Compact Wearable Sensor Tracks Vitamin C Levels Through Sweat — and Could Aid COVID-19 Recovery
UCSD Jacobs' non-invasive vitamin C sensor could provide a personalized way to track daily nutritional intake and dietary adherence.
Researchers at the University of California San Diego have designed a wearable sensor which tracks a person's vitamin C levels by analyzing their sweat — and is looking to expand the technology to track other vitamins, too.
"Wearable sensors have traditionally been focused on their use in tracking physical activity, or for monitoring disease pathologies, like in diabetes," says first author Juliane Sempionatto of her team's work. "This is the first demonstration of using an enzyme-based approach to track changes in the level of a necessary vitamin, and opens a new frontier in the wearable device arena.
"Ultimately, this sort of device would be valuable for supporting behavioural changes around diet and nutrition. A user could track not just vitamin C, but other nutrients — a multivitamin patch, if you will. This is a field that will keep growing fast."
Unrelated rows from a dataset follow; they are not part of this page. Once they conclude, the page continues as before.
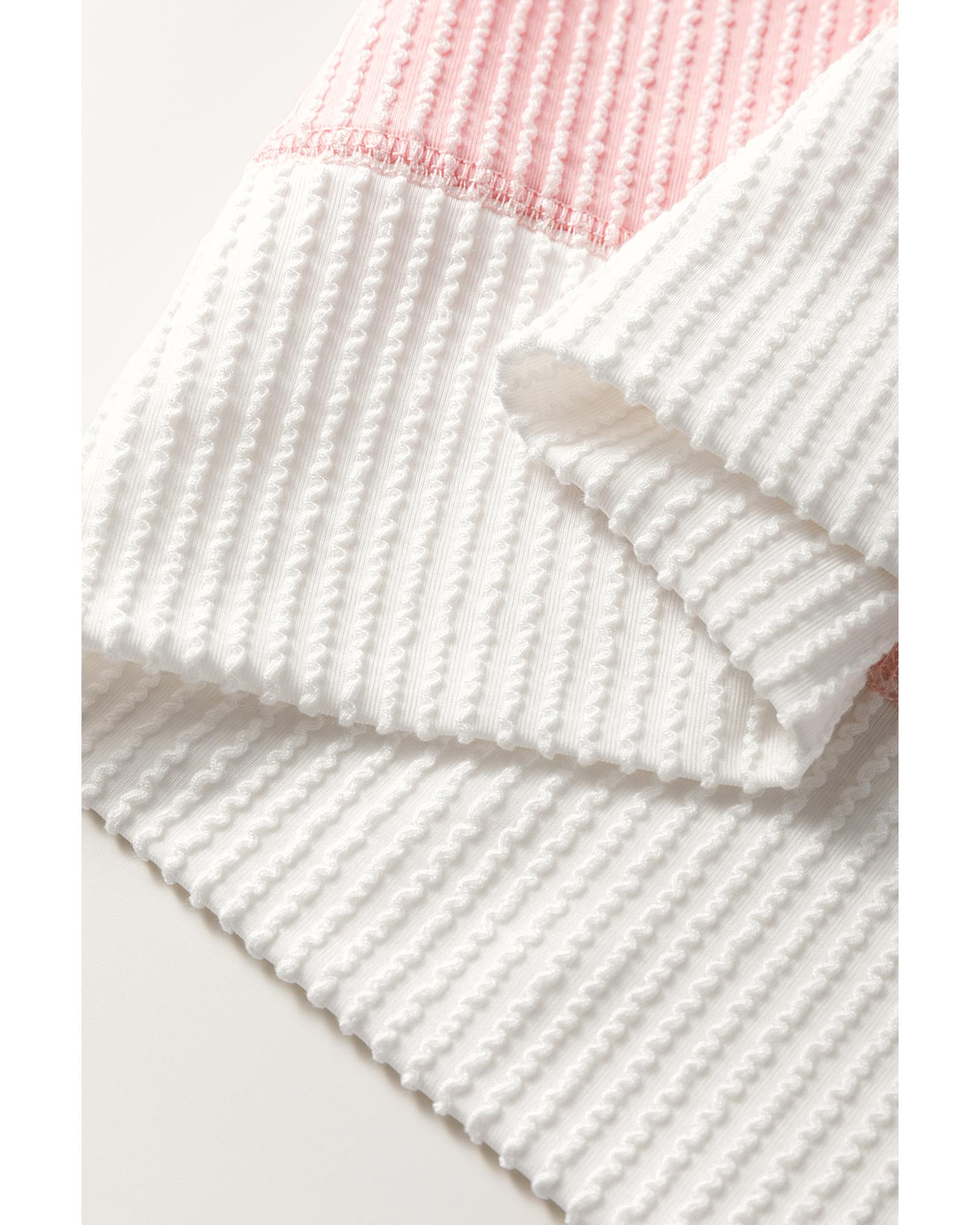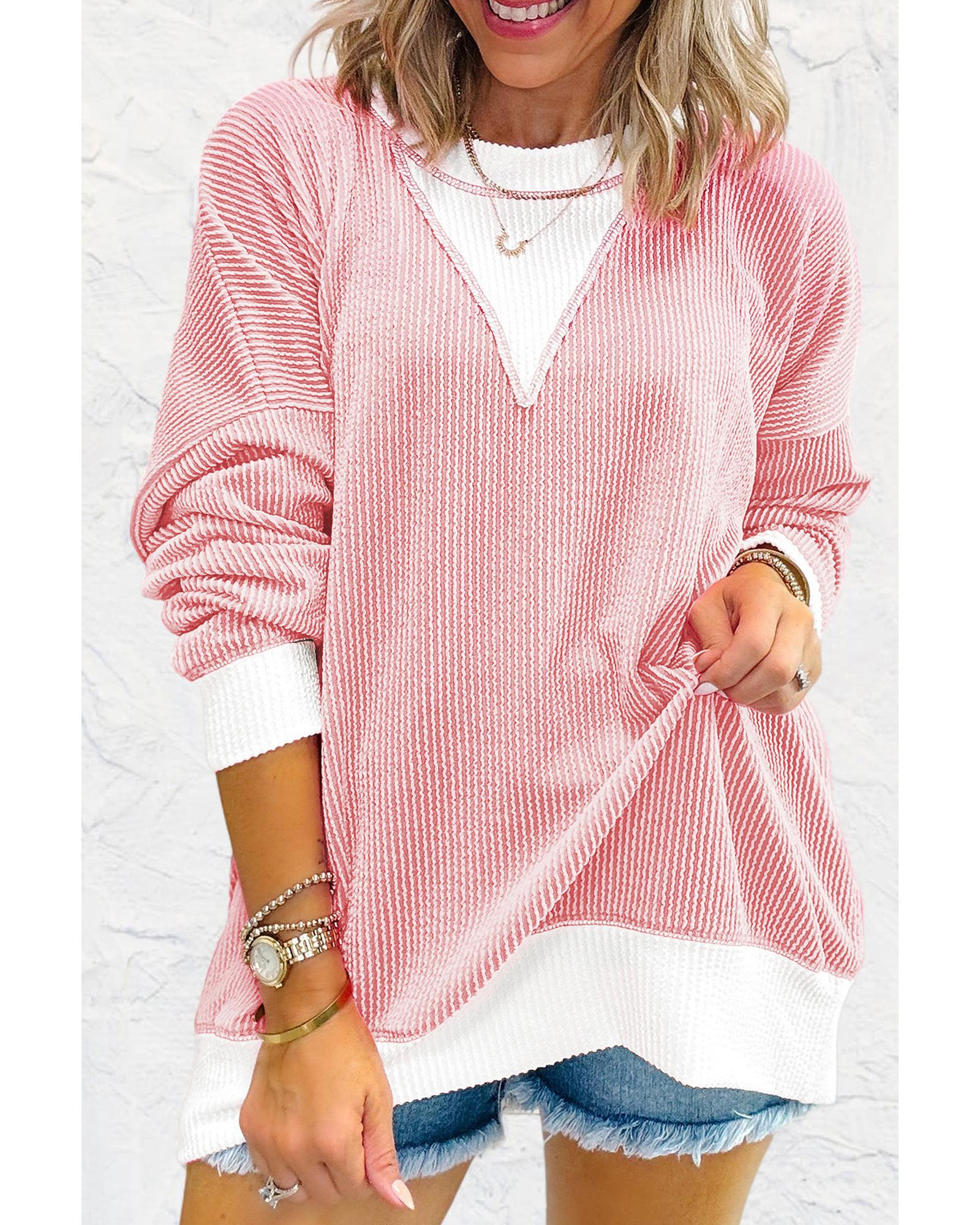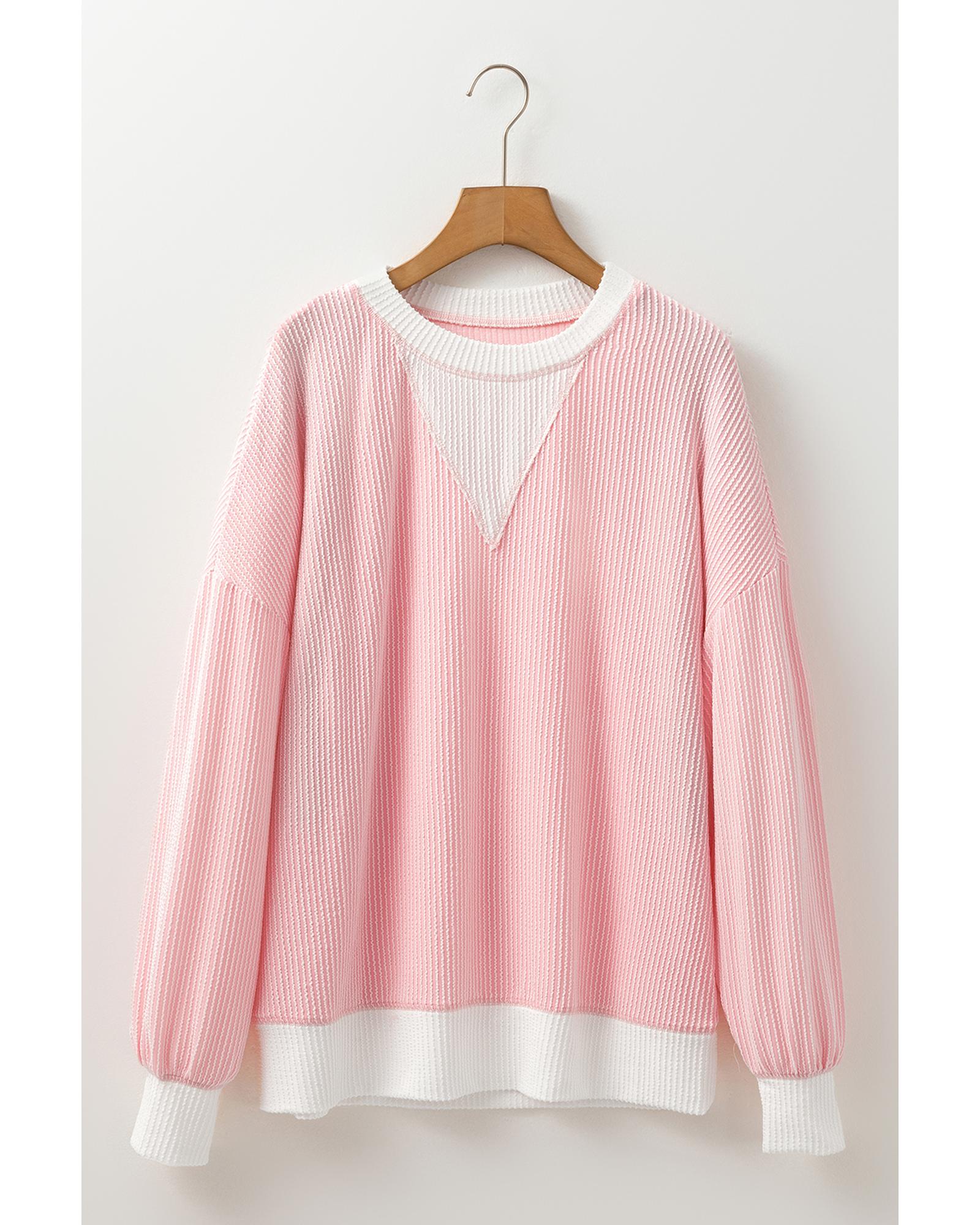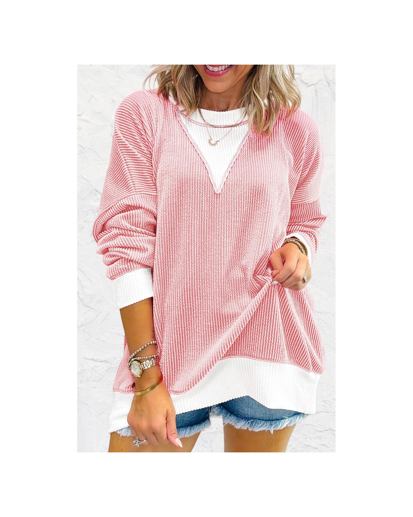 Peach Blossom Corded Colorblock Drop Shoulder Loose Top – M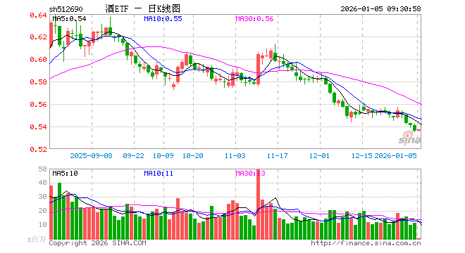 1月5日,酒ETF(512690)开盘涨0.00%,报0.536元。酒ETF(512690)重仓股方面,贵州茅台开盘涨0.57%,五粮液跌0.04%,泸州老窖涨0.00%,山西汾酒跌0.07%,洋河股份跌0.08%,今世缘跌0.20%,古井贡酒跌0.17%,青岛啤酒涨0.07%,燕京啤酒涨0.36%,酒鬼酒跌0.05%。
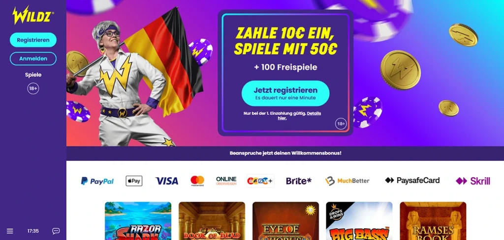 Das Casino nutzt ein hochmodernes System zur Abwicklung von Zahlungen. Wenn Sie hier 10 Euro Paysafecard Guthaben nutzen, wird dies sofort für den Willkommensbonus gewertet. Wildz ist bekannt für seine fairen Bonusbedingungen, was besonders bei kleineren Einzahlungen wichtig ist, damit Sie eine reale Chance auf eine Auszahlung haben.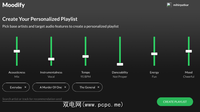 因此,这里有不同的可调节音乐功能或取得Moodify来创建播放列表的参数: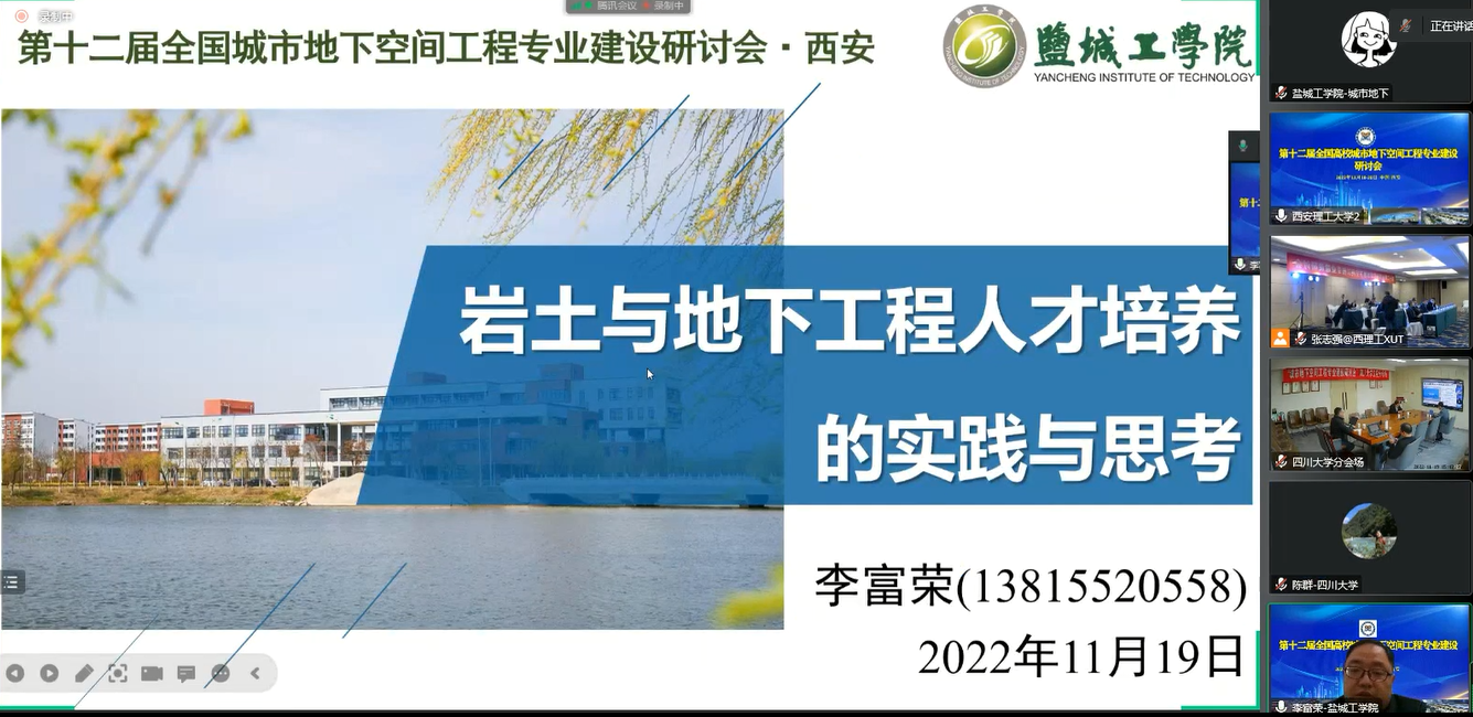 11月18日-20日,由教育部高等学校土木工程专业教学指导分委员会、中国岩石力学与工程学会主办,西安理工大学承办的第十二届全国高校城市地下空间工程专业建设研讨会以线上方式举行。我校在土木馆报告厅设立卫星分会场,土木工程学院副院长李富荣教授代表我校作“岩土与地下工程人才培养的实践与思考”主题报告,介绍我校城市地下空间工程专业人才培养的做法与成效。土木工程学院城市地下空间工程专业80余名师生参加会议。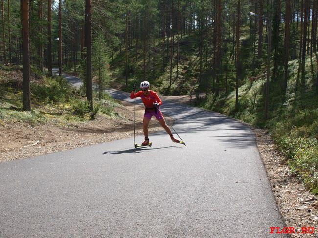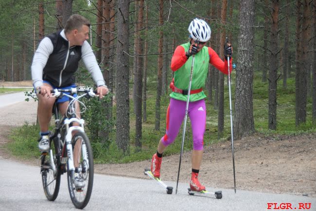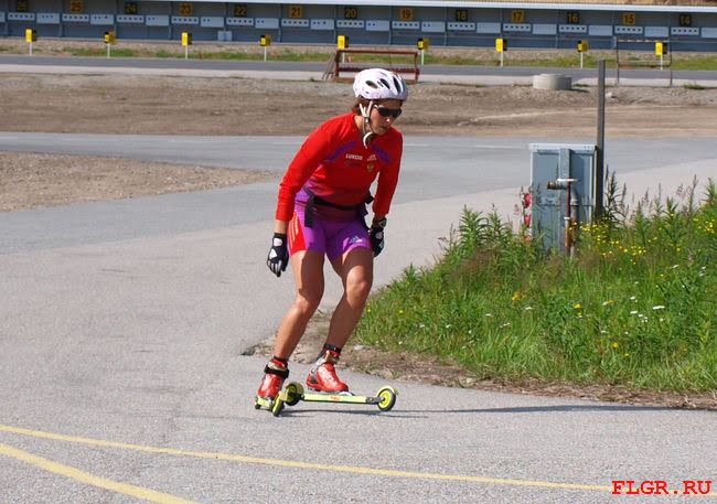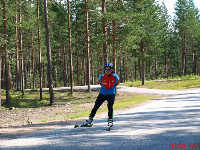 Юлия Иванова (Республика Коми). В подготовке используются различные лыжероллеры - start, marwe и proski. На фотографии Юлия проводит тренировку на лыжероллерах marwe без палок, тем самым увеличивая нагрузку на ноги.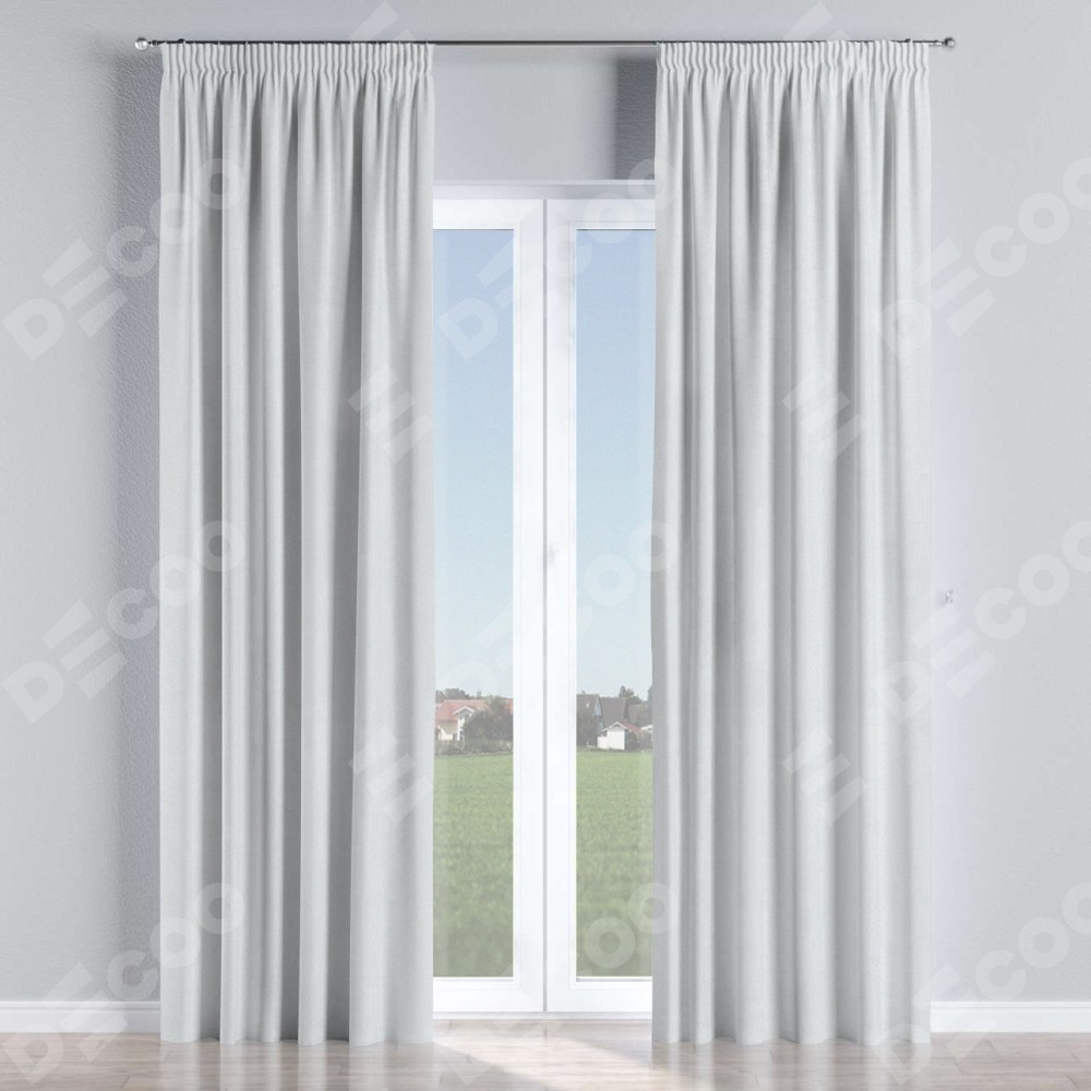 Комплект прямых штор, от производителя «Cortin», пошиты из ткани блэкаут однотонный дымчато-белый, артикул ткани 101. С изнаночной стороны в верхней части штор пристрачивается шторная лента с декоративными складками «Карандаш». Для создания элегантных складок прямые шторы шьются по стандарту с коэффициентом 1:2 (на 100 см. ширины проёма 200 см. ширины ткани).

The team targeted vitamin C — ascorbic acid — owing to the body's inability to produce it naturally and its importance for supporting the immune system, collagen production, and the absorption of iron. There was another key reason for its focus as well: Several ongoing trials targeting vitamin C as a potential agent to assist in the recovery from COVID-19 and other diseases causing acute respiratory distress syndrome (ARDS).
The compact wearable takes the form of a flexible circuit on an adhesive patch, designed to stimulate sweating and detect the levels of vitamin C — the latter by putting ascorbate oxidase, an enzyme which generates a current when encountering vitamin C, into the electrodes of the device. In testing with four human subjects, the sensor was able to track vitamin C level changes caused by supplements and fruit juices over a period of two hours.
"Despite the rapid development of wearable biosensors, the potential of these devices to guide personalized nutrition has not yet been reported," says lab lead Joseph Wang. "I hope that the new epidermal patch will facilitate the use of wearable sensors for non-invasive nutrition status assessments and tracking of nutrient uptake toward detecting and correcting nutritional deficiencies, assessing adherence to vitamin intake, and supporting dietary behaviour change."
The team's work has been published under closed-access terms in the journal ACS Sensors.